What is being asked —
Return the whole listing, line for line, without the pictures in it.

Records to use —
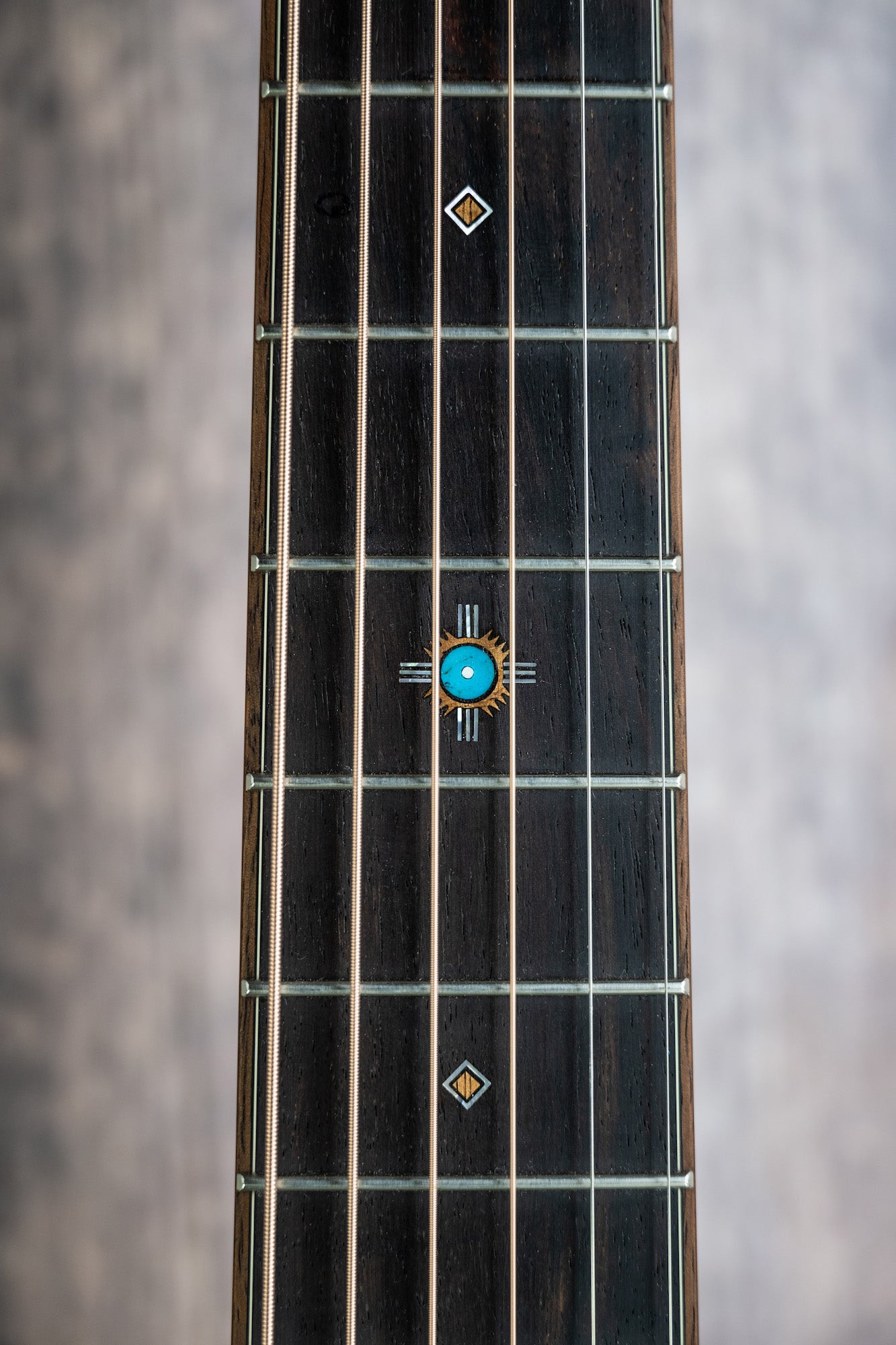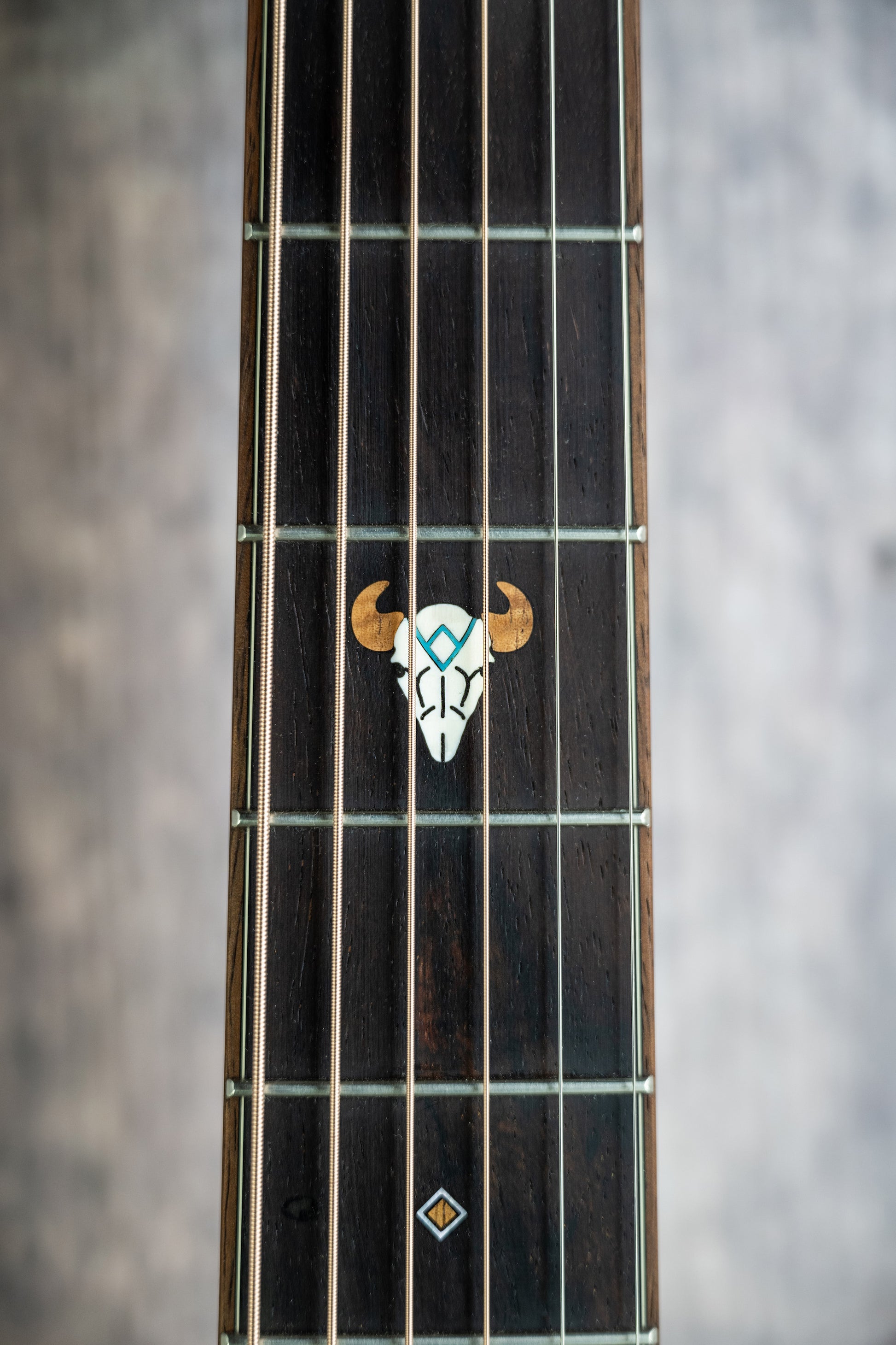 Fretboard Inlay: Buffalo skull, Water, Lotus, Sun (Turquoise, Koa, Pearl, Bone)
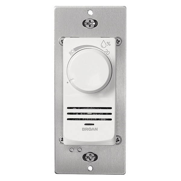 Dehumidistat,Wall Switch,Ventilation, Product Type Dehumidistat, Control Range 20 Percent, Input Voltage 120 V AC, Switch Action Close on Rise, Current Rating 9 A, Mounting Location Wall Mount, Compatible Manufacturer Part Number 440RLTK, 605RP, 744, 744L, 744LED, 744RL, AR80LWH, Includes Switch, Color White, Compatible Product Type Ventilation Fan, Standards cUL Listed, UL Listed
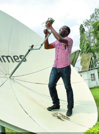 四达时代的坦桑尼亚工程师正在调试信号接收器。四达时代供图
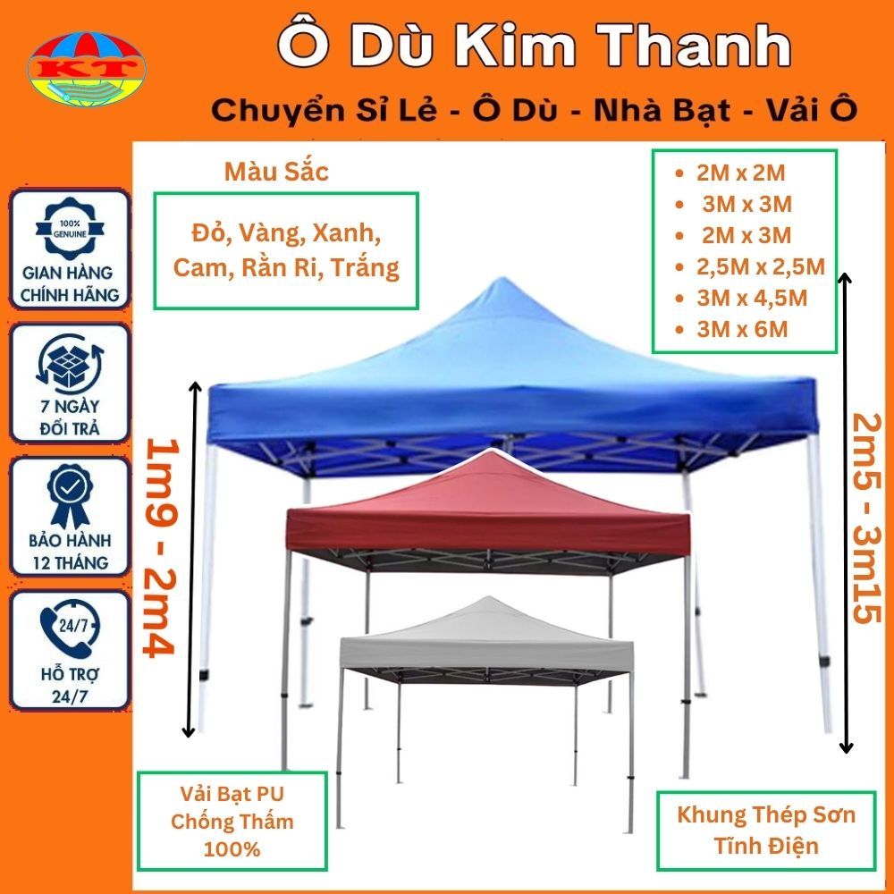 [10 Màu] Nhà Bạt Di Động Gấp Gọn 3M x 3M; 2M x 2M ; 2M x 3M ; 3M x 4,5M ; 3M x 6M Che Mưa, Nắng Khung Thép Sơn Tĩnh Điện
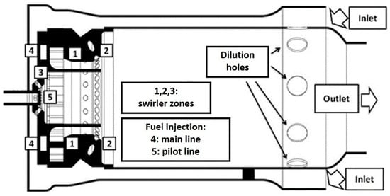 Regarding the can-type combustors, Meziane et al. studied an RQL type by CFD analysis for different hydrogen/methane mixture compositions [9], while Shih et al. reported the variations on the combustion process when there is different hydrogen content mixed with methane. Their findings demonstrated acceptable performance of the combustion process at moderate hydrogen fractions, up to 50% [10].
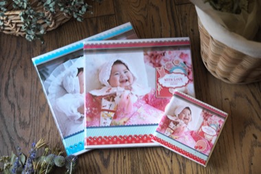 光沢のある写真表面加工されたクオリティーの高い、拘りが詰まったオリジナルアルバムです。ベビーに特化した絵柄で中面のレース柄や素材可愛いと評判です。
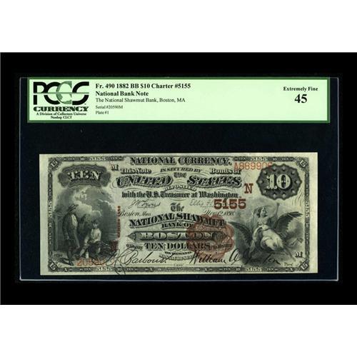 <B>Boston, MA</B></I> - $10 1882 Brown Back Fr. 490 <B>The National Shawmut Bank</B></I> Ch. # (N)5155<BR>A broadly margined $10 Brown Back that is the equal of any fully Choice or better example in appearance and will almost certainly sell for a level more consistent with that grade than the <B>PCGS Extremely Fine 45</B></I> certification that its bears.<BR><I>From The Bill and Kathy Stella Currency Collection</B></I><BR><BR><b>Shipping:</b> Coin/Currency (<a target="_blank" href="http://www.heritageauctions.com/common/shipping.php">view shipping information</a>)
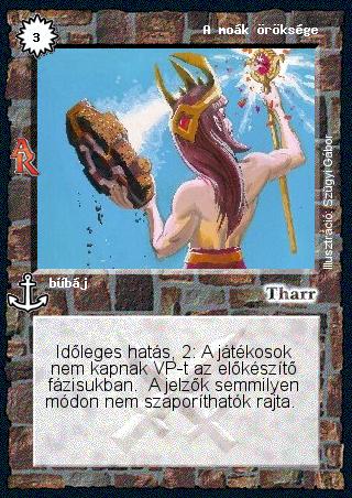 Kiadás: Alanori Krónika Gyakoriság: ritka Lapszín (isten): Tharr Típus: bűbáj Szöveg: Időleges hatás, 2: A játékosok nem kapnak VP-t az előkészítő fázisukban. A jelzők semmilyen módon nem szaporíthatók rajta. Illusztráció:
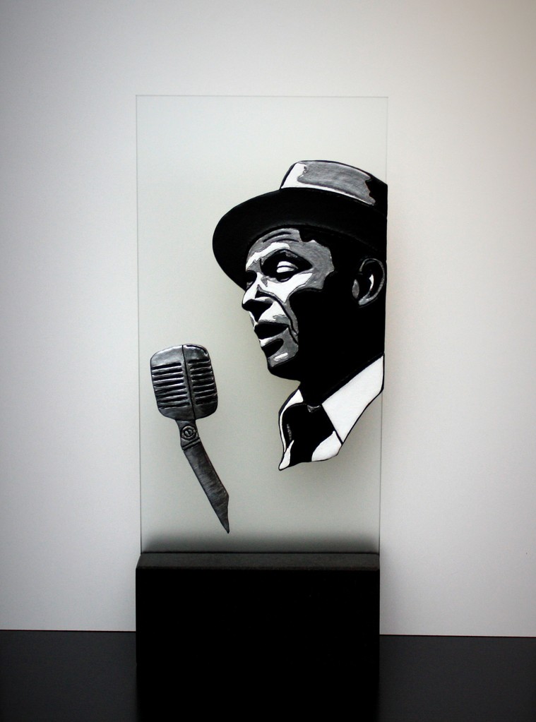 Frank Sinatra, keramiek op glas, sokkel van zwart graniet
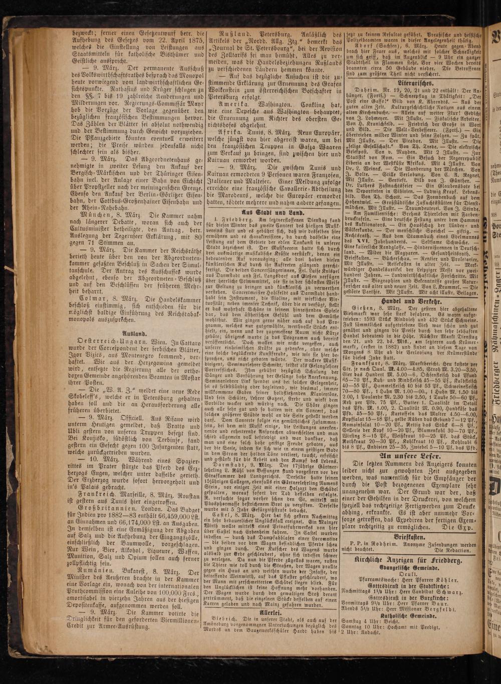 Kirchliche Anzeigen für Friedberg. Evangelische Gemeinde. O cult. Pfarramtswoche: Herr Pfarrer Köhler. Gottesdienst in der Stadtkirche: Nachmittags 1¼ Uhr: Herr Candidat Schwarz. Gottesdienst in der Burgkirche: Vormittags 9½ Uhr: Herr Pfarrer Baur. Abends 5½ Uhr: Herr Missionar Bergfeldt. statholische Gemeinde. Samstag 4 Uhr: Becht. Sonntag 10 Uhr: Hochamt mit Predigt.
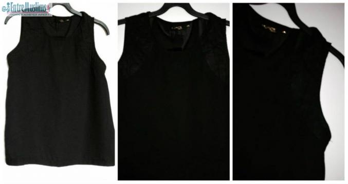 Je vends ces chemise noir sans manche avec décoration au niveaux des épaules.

Reply to the exercise —
 Fretboard Inlay: Buffalo skull, Water, Lotus, Sun (Turquoise, Koa, Pearl, Bone)
 Dehumidistat,Wall Switch,Ventilation, Product Type Dehumidistat, Control Range 20 Percent, Input Voltage 120 V AC, Switch Action Close on Rise, Current Rating 9 A, Mounting Location Wall Mount, Compatible Manufacturer Part Number 440RLTK, 605RP, 744, 744L, 744LED, 744RL, AR80LWH, Includes Switch, Color White, Compatible Product Type Ventilation Fan, Standards cUL Listed, UL Listed
 四达时代的坦桑尼亚工程师正在调试信号接收器。四达时代供图
 [10 Màu] Nhà Bạt Di Động Gấp Gọn 3M x 3M; 2M x 2M ; 2M x 3M ; 3M x 4,5M ; 3M x 6M Che Mưa, Nắng Khung Thép Sơn Tĩnh Điện
 Regarding the can-type combustors, Meziane et al. studied an RQL type by CFD analysis for different hydrogen/methane mixture compositions [9], while Shih et al. reported the variations on the combustion process when there is different hydrogen content mixed with methane. Their findings demonstrated acceptable performance of the combustion process at moderate hydrogen fractions, up to 50% [10].
 光沢のある写真表面加工されたクオリティーの高い、拘りが詰まったオリジナルアルバムです。ベビーに特化した絵柄で中面のレース柄や素材可愛いと評判です。
 <B>Boston, MA</B></I> - $10 1882 Brown Back Fr. 490 <B>The National Shawmut Bank</B></I> Ch. # (N)5155<BR>A broadly margined $10 Brown Back that is the equal of any fully Choice or better example in appearance and will almost certainly sell for a level more consistent with that grade than the <B>PCGS Extremely Fine 45</B></I> certification that its bears.<BR><I>From The Bill and Kathy Stella Currency Collection</B></I><BR><BR><b>Shipping:</b> Coin/Currency (<a target="_blank" href="http://www.heritageauctions.com/common/shipping.php">view shipping information</a>)
 Kiadás: Alanori Krónika Gyakoriság: ritka Lapszín (isten): Tharr Típus: bűbáj Szöveg: Időleges hatás, 2: A játékosok nem kapnak VP-t az előkészítő fázisukban. A jelzők semmilyen módon nem szaporíthatók rajta. Illusztráció:
 Frank Sinatra, keramiek op glas, sokkel van zwart graniet
 Kirchliche Anzeigen für Friedberg. Evangelische Gemeinde. O cult. Pfarramtswoche: Herr Pfarrer Köhler. Gottesdienst in der Stadtkirche: Nachmittags 1¼ Uhr: Herr Candidat Schwarz. Gottesdienst in der Burgkirche: Vormittags 9½ Uhr: Herr Pfarrer Baur. Abends 5½ Uhr: Herr Missionar Bergfeldt. statholische Gemeinde. Samstag 4 Uhr: Becht. Sonntag 10 Uhr: Hochamt mit Predigt.
 Je vends ces chemise noir sans manche avec décoration au niveaux des épaules.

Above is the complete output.